Write out, unaltered, each line from the top of the records below down to the line where "SUSUchens Earring Holder" appears, that line included.
■ ■ ■ ■ ■ ■ ■
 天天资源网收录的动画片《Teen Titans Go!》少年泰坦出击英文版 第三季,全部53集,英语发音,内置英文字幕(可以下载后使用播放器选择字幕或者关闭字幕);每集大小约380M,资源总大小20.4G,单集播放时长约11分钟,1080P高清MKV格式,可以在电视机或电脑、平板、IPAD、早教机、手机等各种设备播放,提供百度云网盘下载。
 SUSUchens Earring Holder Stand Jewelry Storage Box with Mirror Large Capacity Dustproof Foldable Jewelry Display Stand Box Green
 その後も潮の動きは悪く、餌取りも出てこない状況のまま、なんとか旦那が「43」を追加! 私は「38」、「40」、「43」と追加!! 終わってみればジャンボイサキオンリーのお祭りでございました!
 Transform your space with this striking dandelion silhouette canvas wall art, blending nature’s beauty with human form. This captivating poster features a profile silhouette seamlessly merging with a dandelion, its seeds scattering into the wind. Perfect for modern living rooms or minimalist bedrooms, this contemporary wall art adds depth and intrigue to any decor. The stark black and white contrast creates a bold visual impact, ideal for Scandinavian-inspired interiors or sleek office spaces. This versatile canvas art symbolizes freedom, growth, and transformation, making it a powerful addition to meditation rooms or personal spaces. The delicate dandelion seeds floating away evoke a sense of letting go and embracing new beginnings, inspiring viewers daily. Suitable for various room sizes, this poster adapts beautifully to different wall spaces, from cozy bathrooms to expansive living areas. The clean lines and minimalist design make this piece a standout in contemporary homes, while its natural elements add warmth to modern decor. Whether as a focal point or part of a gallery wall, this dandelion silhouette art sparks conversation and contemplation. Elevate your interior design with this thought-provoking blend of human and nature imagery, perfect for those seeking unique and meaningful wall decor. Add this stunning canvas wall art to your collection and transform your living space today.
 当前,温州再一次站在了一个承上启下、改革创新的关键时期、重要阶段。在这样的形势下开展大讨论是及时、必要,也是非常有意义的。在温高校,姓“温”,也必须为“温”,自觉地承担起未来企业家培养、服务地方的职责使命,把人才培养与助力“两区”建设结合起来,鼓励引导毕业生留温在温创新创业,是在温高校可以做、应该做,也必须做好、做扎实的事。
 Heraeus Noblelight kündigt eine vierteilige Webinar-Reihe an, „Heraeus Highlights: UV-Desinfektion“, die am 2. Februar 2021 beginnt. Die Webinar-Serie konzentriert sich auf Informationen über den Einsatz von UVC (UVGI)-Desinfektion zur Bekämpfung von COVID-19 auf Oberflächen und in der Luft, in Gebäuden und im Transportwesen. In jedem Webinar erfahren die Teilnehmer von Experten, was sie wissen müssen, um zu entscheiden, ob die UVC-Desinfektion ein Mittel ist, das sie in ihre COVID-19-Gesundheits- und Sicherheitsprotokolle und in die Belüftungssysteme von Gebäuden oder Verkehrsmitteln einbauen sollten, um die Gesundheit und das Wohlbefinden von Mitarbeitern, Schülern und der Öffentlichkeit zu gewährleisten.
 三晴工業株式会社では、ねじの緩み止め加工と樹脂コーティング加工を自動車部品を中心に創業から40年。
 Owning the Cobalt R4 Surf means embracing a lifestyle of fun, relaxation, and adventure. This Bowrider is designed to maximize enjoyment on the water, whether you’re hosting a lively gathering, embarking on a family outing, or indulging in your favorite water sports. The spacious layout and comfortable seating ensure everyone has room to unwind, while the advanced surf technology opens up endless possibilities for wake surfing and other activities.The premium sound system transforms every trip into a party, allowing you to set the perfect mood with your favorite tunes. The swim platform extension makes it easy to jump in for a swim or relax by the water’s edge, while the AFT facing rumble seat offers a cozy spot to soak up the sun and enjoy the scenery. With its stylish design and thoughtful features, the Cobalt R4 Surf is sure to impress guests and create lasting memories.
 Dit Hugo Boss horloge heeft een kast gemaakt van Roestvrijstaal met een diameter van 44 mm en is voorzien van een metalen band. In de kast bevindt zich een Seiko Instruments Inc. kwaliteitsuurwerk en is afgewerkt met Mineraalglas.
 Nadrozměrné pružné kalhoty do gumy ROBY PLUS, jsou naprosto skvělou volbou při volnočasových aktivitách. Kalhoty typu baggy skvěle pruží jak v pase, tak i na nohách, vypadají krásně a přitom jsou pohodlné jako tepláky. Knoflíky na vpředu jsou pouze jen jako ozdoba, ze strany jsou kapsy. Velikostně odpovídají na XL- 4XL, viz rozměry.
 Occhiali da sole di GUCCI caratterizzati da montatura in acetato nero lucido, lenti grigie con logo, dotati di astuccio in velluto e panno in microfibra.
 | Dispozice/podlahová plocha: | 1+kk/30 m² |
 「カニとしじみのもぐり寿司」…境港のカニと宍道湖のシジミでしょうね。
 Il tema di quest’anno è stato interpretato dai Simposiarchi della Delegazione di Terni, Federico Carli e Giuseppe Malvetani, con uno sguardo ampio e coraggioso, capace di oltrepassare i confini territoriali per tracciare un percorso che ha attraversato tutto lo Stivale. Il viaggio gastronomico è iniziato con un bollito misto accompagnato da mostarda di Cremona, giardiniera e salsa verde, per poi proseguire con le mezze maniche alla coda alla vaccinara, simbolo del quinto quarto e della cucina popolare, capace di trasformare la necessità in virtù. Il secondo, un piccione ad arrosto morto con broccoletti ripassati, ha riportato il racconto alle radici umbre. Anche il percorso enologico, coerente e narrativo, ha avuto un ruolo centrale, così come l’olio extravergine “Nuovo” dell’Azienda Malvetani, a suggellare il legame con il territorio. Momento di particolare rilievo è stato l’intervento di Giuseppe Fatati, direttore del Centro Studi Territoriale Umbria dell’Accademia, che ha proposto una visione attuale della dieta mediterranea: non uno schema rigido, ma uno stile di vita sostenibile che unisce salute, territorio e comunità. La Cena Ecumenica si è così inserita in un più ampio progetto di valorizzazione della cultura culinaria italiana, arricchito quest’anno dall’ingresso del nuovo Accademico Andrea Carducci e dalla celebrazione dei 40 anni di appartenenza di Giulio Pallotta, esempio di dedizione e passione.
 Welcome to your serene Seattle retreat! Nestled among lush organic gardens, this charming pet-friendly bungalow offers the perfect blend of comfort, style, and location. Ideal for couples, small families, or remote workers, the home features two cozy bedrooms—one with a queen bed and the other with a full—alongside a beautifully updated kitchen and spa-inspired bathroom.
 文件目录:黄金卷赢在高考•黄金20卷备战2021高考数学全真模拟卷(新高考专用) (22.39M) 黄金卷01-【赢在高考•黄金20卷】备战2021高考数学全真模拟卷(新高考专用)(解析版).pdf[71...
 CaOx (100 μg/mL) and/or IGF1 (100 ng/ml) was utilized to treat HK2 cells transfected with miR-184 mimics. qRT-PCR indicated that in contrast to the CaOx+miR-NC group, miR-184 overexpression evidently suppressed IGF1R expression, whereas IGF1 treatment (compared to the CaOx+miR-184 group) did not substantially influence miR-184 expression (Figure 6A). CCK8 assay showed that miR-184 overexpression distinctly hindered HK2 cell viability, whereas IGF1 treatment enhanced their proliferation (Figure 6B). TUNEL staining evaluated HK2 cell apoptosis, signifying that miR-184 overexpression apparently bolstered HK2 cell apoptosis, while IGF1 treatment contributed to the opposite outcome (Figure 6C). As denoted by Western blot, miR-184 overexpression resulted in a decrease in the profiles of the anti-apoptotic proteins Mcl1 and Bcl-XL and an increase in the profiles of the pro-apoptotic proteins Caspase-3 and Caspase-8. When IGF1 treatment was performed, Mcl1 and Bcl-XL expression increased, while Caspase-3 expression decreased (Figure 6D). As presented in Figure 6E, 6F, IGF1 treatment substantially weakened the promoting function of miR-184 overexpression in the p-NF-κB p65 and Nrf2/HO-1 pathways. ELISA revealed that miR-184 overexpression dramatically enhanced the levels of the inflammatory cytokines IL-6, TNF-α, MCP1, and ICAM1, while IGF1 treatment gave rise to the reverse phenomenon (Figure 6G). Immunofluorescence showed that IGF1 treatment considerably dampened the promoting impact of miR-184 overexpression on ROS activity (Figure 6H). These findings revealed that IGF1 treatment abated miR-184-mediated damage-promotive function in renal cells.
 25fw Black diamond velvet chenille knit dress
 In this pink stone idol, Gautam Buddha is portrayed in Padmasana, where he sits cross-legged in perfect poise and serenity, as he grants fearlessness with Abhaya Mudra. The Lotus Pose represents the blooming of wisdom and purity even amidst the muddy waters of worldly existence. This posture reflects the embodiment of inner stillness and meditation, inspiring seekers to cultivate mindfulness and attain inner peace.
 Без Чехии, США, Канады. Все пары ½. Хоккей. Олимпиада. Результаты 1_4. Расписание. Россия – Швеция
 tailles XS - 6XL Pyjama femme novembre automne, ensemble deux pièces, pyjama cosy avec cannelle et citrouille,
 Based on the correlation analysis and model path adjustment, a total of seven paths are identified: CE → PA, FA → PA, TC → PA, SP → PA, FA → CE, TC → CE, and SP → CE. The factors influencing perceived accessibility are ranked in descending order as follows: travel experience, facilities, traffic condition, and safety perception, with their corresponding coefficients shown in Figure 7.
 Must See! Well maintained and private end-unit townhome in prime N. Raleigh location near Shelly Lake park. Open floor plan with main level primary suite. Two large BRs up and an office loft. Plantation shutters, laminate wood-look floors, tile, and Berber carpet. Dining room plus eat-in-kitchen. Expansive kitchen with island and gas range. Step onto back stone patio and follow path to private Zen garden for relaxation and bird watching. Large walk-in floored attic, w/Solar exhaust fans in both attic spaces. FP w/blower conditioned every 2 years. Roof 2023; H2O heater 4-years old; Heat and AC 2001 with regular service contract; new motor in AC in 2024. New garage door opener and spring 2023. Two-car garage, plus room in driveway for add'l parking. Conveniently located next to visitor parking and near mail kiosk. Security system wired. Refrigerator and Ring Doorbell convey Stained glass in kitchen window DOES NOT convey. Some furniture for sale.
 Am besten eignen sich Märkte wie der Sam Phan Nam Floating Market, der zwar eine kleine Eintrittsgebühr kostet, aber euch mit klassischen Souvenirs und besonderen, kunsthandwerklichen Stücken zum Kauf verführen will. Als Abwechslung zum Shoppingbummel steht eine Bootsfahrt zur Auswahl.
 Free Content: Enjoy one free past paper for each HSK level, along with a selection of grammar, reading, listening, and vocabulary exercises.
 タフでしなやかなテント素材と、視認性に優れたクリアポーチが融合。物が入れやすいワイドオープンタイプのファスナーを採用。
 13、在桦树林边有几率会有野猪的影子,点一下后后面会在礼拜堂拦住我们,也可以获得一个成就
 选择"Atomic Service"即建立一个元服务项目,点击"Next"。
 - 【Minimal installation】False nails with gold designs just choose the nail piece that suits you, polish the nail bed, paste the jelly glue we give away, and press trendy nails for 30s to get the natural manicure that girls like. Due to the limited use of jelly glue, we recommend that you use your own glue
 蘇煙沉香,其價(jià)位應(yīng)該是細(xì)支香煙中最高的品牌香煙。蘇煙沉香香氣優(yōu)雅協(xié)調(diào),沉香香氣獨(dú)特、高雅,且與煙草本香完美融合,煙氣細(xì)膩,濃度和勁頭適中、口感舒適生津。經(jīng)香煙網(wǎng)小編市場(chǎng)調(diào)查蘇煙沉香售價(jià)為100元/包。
■ ■ ■ ■ ■ ■ ■
**ANSWER TO THIS PROBLEM:**
 天天资源网收录的动画片《Teen Titans Go!》少年泰坦出击英文版 第三季,全部53集,英语发音,内置英文字幕(可以下载后使用播放器选择字幕或者关闭字幕);每集大小约380M,资源总大小20.4G,单集播放时长约11分钟,1080P高清MKV格式,可以在电视机或电脑、平板、IPAD、早教机、手机等各种设备播放,提供百度云网盘下载。
 SUSUchens Earring Holder Stand Jewelry Storage Box with Mirror Large Capacity Dustproof Foldable Jewelry Display Stand Box Green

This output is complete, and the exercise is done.